Le Tribunal administratif de Nantes, statuant par ordonnance, rejette une requête en excès de pouvoir contre le refus d'un visa de court séjour. La juridiction constate que les requérants n'ont pas exercé le recours administratif préalable obligatoire devant le sous-directeur des visas, condition de recevabilité du contentieux. L'ordonnance s'appuie sur les articles D. 312-3 et D. 312-4 du code de l'entrée et du séjour des étrangers et du droit d'asile, ainsi que sur l'article R. 222-1 du code de justice administrative relatif aux requêtes manifestement irrecevables.
Texte intégral
Vu la procédure suivante :
Par une requête et un mémoire, enregistrés les 31 décembre 2025 et 11 janvier 2026, Mme B... A... et M. C... A... contestent devant le tribunal la décision du 16 décembre 2025 par laquelle l’autorité consulaire française à Oran (Algérie) a refusé de délivrer à Mme A... un visa de court séjour.
Vu les autres pièces du dossier.
Vu :
- le code de l'entrée et du séjour des étrangers et du droit d'asile ;
- le code de justice administrative.
Considérant ce qui suit :
Aux termes de l’article R. 222-1 du code de justice administrative : « Les présidents de tribunal administratif (…), les premiers vice-présidents des tribunaux (…) et les présidents de formation de jugement des tribunaux (…) peuvent, par ordonnance : (...) / 4° Rejeter les requêtes manifestement irrecevables, lorsque la juridiction n'est pas tenue d'inviter leur auteur à les régulariser ou qu'elles n'ont pas été régularisées à l'expiration du délai imparti par une demande en ce sens (…) ».

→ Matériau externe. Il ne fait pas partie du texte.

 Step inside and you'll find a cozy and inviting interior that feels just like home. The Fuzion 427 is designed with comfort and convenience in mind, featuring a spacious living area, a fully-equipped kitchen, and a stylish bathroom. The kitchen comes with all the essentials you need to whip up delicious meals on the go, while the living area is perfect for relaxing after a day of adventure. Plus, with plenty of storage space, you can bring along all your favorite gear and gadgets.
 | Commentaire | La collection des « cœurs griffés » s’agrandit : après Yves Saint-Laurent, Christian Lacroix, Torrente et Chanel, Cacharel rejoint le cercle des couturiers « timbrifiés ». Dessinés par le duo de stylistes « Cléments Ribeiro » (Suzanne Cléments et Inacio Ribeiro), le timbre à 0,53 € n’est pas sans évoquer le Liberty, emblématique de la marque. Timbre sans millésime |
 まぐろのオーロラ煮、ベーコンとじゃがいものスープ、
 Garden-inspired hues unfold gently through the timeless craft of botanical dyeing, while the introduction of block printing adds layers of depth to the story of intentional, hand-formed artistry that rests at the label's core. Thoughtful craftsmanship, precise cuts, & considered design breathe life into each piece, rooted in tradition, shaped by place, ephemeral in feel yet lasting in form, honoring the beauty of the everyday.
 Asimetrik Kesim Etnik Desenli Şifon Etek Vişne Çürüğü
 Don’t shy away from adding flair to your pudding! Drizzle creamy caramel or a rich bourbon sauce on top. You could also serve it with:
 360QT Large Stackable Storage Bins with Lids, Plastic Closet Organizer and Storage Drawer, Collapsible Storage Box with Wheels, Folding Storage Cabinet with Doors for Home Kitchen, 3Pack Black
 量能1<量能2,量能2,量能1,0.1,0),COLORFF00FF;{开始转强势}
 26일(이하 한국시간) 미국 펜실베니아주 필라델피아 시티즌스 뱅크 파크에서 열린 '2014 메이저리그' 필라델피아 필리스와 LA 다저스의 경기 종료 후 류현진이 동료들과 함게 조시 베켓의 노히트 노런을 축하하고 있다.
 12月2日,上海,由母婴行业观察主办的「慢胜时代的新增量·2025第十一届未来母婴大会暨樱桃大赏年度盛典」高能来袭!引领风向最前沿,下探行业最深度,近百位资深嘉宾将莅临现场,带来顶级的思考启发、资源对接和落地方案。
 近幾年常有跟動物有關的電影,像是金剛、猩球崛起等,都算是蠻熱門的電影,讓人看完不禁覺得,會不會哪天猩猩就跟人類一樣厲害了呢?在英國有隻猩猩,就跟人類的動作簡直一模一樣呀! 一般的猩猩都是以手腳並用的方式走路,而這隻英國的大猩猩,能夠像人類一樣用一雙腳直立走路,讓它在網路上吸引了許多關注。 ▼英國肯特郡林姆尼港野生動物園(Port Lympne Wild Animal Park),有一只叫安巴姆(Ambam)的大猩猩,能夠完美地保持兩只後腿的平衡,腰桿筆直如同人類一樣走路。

Aux termes de l’article D. 312-3 du code de l’entrée et du séjour des étrangers et du droit d’asile : « Une commission placée auprès du ministre des affaires étrangères et du ministre de l'intérieur est chargée d'examiner les recours administratifs contre les décisions de refus de visa de long séjour prises par les autorités diplomatiques ou consulaires. Le sous-directeur des visas, au sein de la direction générale des étrangers en France du ministère de l'intérieur, est chargé d'examiner les recours administratifs contre les décisions de refus de visa de court séjour prises par les autorités diplomatiques ou consulaires. La saisine de l'une ou l'autre de ces autorités, selon la nature du visa sollicité, est un préalable obligatoire à l'exercice d'un recours contentieux, à peine d'irrecevabilité de ce dernier. ». Aux termes de l’article D. 312-4 du même code : « Les recours administratifs doivent être formés dans un délai de trente jours à compter de la notification de la décision de refus de visa. ».
Il ressort des pièces du dossier que la décision du 16 décembre 2025 par laquelle l’autorité consulaire française à Oran a refusé de délivrer un visa de court séjour à Mme A... comportait la mention des voies et délais de recours, notamment la nécessité d’exercer un recours administratif préalable obligatoire devant le sous-directeur des visas dans le délai de trente jours. La requête de Mme A... et M. A... n’était pas accompagnée d’une copie de la décision du sous-directeur des visas. En dépit de la demande qui a été adressée le 2 janvier 2026 par le tribunal à la requérante par lettre recommandée et dont il a été accusé réception au plus tard le 11 janvier 2026, Mme A... et M. A... n’ont pas, dans le délai de quinze jours qui lui était imparti, produit une copie de la décision du sous-directeur des visas ou la preuve du dépôt de son recours devant lui. Ainsi, cette requête, qui n’a pas été régularisée, est entachée d’une irrecevabilité manifeste et ne peut qu’être rejetée.
O R D O N N E :
Article 1er : La requête de Mme A... et M. A... est rejetée.
Article 2 : La présente ordonnance sera notifiée à Mme B... A... et à M. C... A....
Fait à Nantes, le 18 février 2026.
Le président,
A. Penhoat
La République mande et ordonne au ministre de l’intérieur en ce qui le concerne ou à tous commissaires de justice à ce requis en ce qui concerne les voies de droit commun contre les parties privées, de pourvoir à l’exécution de la présente décision.